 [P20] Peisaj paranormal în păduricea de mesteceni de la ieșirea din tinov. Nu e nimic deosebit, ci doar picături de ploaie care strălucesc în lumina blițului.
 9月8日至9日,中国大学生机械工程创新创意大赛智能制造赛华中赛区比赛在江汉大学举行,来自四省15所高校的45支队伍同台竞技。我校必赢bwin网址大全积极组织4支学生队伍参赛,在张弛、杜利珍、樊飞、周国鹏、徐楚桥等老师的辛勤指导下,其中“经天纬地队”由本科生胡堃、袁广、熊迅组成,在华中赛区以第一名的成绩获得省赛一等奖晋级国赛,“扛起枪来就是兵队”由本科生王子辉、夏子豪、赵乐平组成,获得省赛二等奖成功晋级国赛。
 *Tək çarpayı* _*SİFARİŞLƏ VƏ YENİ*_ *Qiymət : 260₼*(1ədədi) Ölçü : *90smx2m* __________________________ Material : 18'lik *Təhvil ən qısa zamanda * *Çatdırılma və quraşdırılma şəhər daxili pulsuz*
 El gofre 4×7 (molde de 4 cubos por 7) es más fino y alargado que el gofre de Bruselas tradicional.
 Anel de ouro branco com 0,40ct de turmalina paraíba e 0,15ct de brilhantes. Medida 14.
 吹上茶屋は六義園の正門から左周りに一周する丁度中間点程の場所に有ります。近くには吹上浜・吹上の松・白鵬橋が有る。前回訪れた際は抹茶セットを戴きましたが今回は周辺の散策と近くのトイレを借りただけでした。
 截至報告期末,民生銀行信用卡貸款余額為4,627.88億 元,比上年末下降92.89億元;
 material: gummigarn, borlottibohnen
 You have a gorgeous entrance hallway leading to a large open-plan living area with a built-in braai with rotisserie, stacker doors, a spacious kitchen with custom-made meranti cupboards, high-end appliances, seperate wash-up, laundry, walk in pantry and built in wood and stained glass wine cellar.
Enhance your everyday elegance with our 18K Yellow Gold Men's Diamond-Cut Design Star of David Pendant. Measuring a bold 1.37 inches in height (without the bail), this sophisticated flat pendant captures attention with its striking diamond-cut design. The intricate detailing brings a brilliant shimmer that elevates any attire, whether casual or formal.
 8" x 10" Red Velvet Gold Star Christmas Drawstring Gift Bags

________

# WHAT IS REQUIRED
Your reply should hold only the lines from the first line of the records through the one with "material: gummigarn, borlottibohnen", reproduced word for word.

# RESULT BELOW
 [P20] Peisaj paranormal în păduricea de mesteceni de la ieșirea din tinov. Nu e nimic deosebit, ci doar picături de ploaie care strălucesc în lumina blițului.
 9月8日至9日,中国大学生机械工程创新创意大赛智能制造赛华中赛区比赛在江汉大学举行,来自四省15所高校的45支队伍同台竞技。我校必赢bwin网址大全积极组织4支学生队伍参赛,在张弛、杜利珍、樊飞、周国鹏、徐楚桥等老师的辛勤指导下,其中“经天纬地队”由本科生胡堃、袁广、熊迅组成,在华中赛区以第一名的成绩获得省赛一等奖晋级国赛,“扛起枪来就是兵队”由本科生王子辉、夏子豪、赵乐平组成,获得省赛二等奖成功晋级国赛。
 *Tək çarpayı* _*SİFARİŞLƏ VƏ YENİ*_ *Qiymət : 260₼*(1ədədi) Ölçü : *90smx2m* __________________________ Material : 18'lik *Təhvil ən qısa zamanda * *Çatdırılma və quraşdırılma şəhər daxili pulsuz*
 El gofre 4×7 (molde de 4 cubos por 7) es más fino y alargado que el gofre de Bruselas tradicional.
 Anel de ouro branco com 0,40ct de turmalina paraíba e 0,15ct de brilhantes. Medida 14.
 吹上茶屋は六義園の正門から左周りに一周する丁度中間点程の場所に有ります。近くには吹上浜・吹上の松・白鵬橋が有る。前回訪れた際は抹茶セットを戴きましたが今回は周辺の散策と近くのトイレを借りただけでした。
 截至報告期末,民生銀行信用卡貸款余額為4,627.88億 元,比上年末下降92.89億元;
 material: gummigarn, borlottibohnen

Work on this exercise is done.